During the use of this object, the underlying list_ must remain unchanged. Otherwise purplexing and surprising things may happen.

__len__() → int[source]#: Number of elements in the current window or “slice”.

__getitem__(idx: int | slice | Seq[int])[source]#

Element access by a single index, slice, or an index array. Negative index and standard slice syntax work as expected.

Single-index access returns the requested data element. Slice and index-array accesses return a new Slicer object, which, naturally, can be sliced again, like

>>> x = list(range(30))
>>> Slicer(x)[[1, 3, 5, 6, 7, 8, 9, 13, 14]][::2][-2]
9

__iter__() → Iterator[Element][source]#: Iterate over the elements in the current window or “slice”.

property raw: Seq[Element]#: Return the underlying data Seq, that is, the list_ that was passed into __init__().

property range: None | range | Seq[int]#: Return the parameter range_ that was provided to __init__(), representing the selection of items in the underlying Seq.

collect() → list[Element][source]#

Return a list containing the elements in the current window. This is equivalent to list(self).

This is often used to substantiate a small slice as a list, because a slice is still a Slicer object, which does not directly reveal the data items. For example,

>>> x = list(range(30))
>>> Slicer(x)[3:11]
<Slicer into 8/30 of [0, 1, 2, 3, 4, 5, 6, 7, 8, 9, 10, 11, 12, 13, 14, 15, 16, 17, 18, 19, 20, 21, 22, 23, 24, 25, 26, 27, 28, 29]>
>>> Slicer(x)[3:11].collect()
[3, 4, 5, 6, 7, 8, 9, 10]

(A list is used for illustration. In reality, list supports slicing directly, hence would not need Slicer.)

Warning

Do not call this on “big” data!

class cloudly.util.seq.Chain[source]#

Bases: Seq[Element]

This class tracks a series of Seq objects to provide random element access and iteration on the series as a whole, with zero-copy.

Example

>>> from cloudly.util.seq import Chain
>>> numbers = list(range(10))
>>> car_data  
<ExternalBiglist at '/tmp/edd9cefb-179b-46d2-8946-7dc8ae1bdc50' with 112 records in 2 data file(s) stored at ['/tmp/a/b/c/e']>
>>> combined = Chain(numbers, car_data)
>>> combined[3]
3
>>> combined[9]
9
>>> combined[10]
{'make': 'ford', 'year': 1960, 'sales': 234}
>>>
>>> car_data[0]
{'make': 'ford', 'year': 1960, 'sales': 234}

This class is in contrast with the standard itertools.chain, which takes iterables.
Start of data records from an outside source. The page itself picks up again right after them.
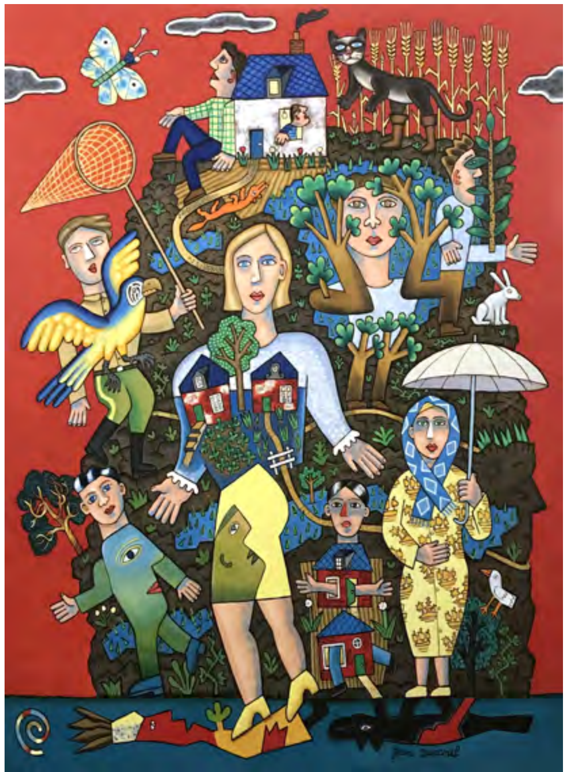
«Le chat botté» Huile sur toile 130 x 97 cm
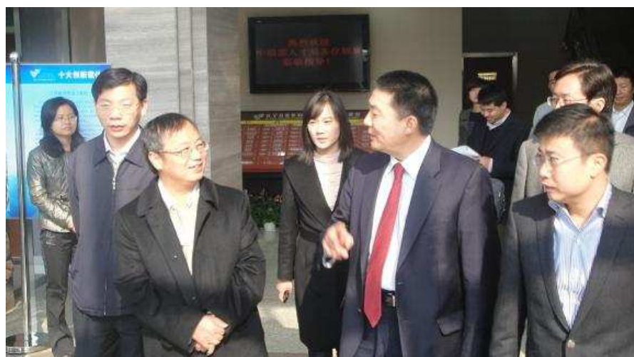
中组部人才局宋局长兴致勃勃的与海归博士交谈在南京创业的经验
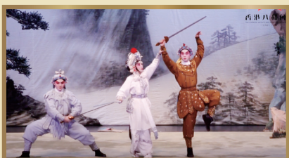
八和會館表演片段

2022年3月9日，香港八和會館、八和粵劇學院與諾丁漢大學馬來西亞分校簽訂交流合作備忘錄，未來兩年八和將率領本地粵劇名伶、新秀演員、年青樂師及學院學員，分別於2022年底和2023年上半年前往諾丁漢大學的馬來西亞分校及英國本校進行交流。
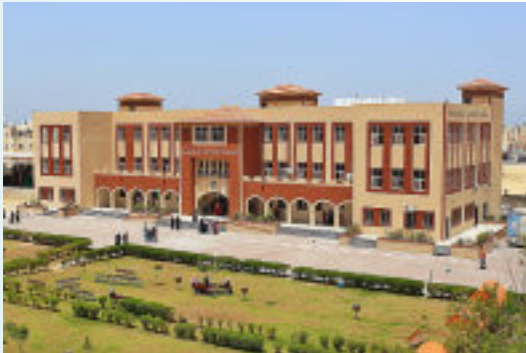
6. مبنى فرع رفح: المساحة 8920 م 2 .
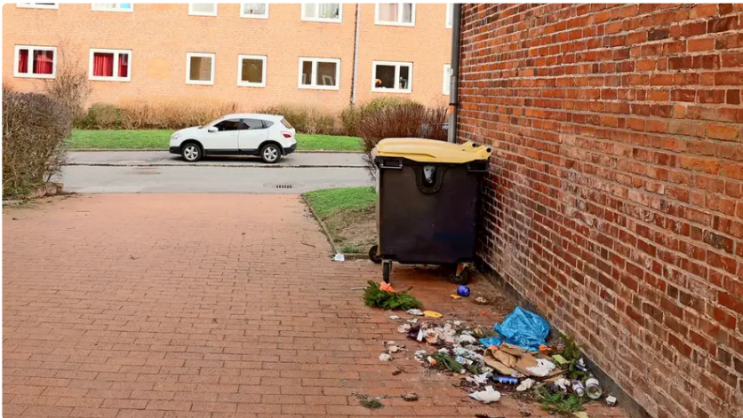
Ungepflegte Außenanlagen an Häusern des Wohnungsunternehmens LEG in Kiel-Gaarden wecken immer wieder Kritik.
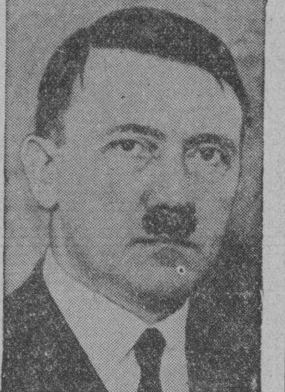
ADOLFO HITLER, Presidente y canciller de Alemania que ha dicho que si dependiese de su país, ya no habría ninguna guerra mas.
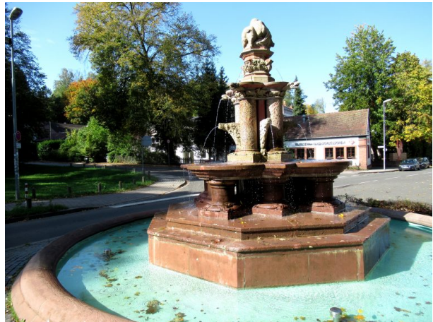
Albrechtsbrunnen total (Manfred Grad, 2019)
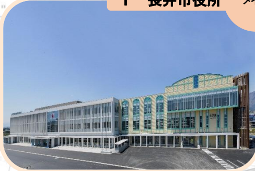
1 長井市役所 メイン
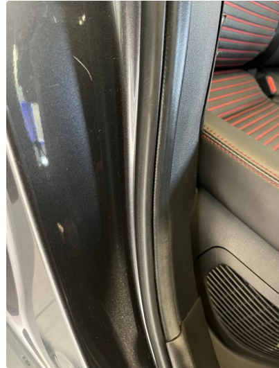
1.2 Liten ripe innside dørkarm høyre foran. lagt i lakk
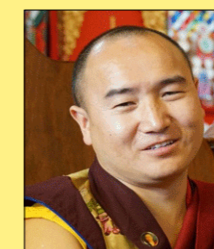
Lama Damchö Rinpoche
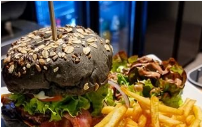
Nouveau restaurant à Bonneval sur Arc : le Rockabar
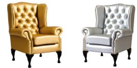
ein Statement extravagant präsent & repräsentativ anregend auffallend
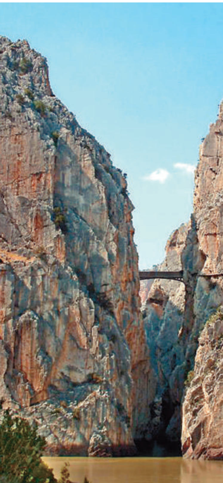
El desfiladero de los Gaitanes es uno de los muchos atractivos naturales de este pueblo malagueño. Al lado, un balcón florido en una calle de la villa, la Cueva de Ardales y practicando montañismo.
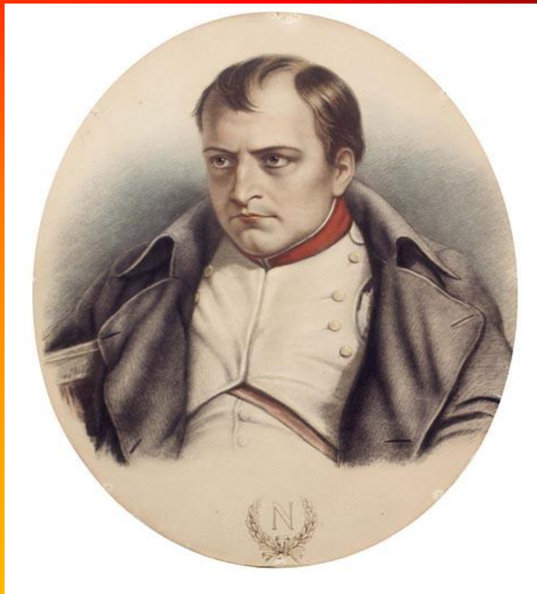
Рисунок неизвестного художника с картины Деляроша . «Наполеон в Фонтенбло».
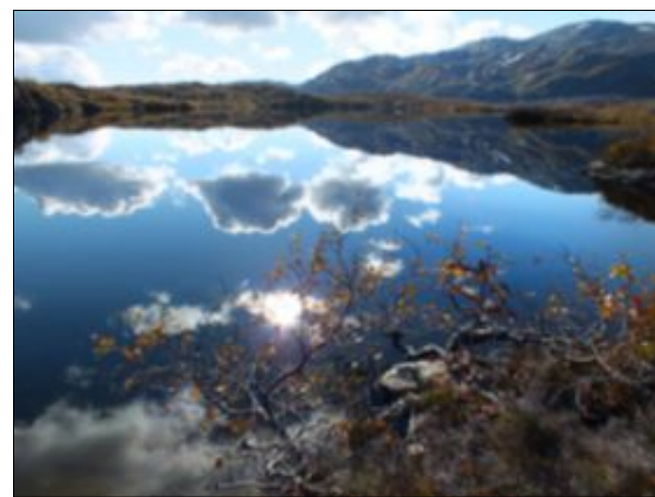
KVAMSKOGEN: Fjellvatnet blinket vakkert denne blikkstilte høstdagen i september.

Har du tatt et fint bilde, send det til leserbilder@bt.no eller som mobilfoto til 2211. Hver måned kårer vi en vinner som får flaxlodd i posten.

__init__(list_: Seq[Element], *lists: Seq[Element])[source]#

__len__() → int[source]#

__getitem__(idx: int) → Element[source]#

__iter__() → Iterator[Element][source]#

property raw: tuple[Seq[Element], ...]#

Return the underlying list of Seqs.

A member Seq could be a Slicer. The current method does not follow a Slicer to its “raw” component, b/c that could represent a different set of elements than the Slicer object.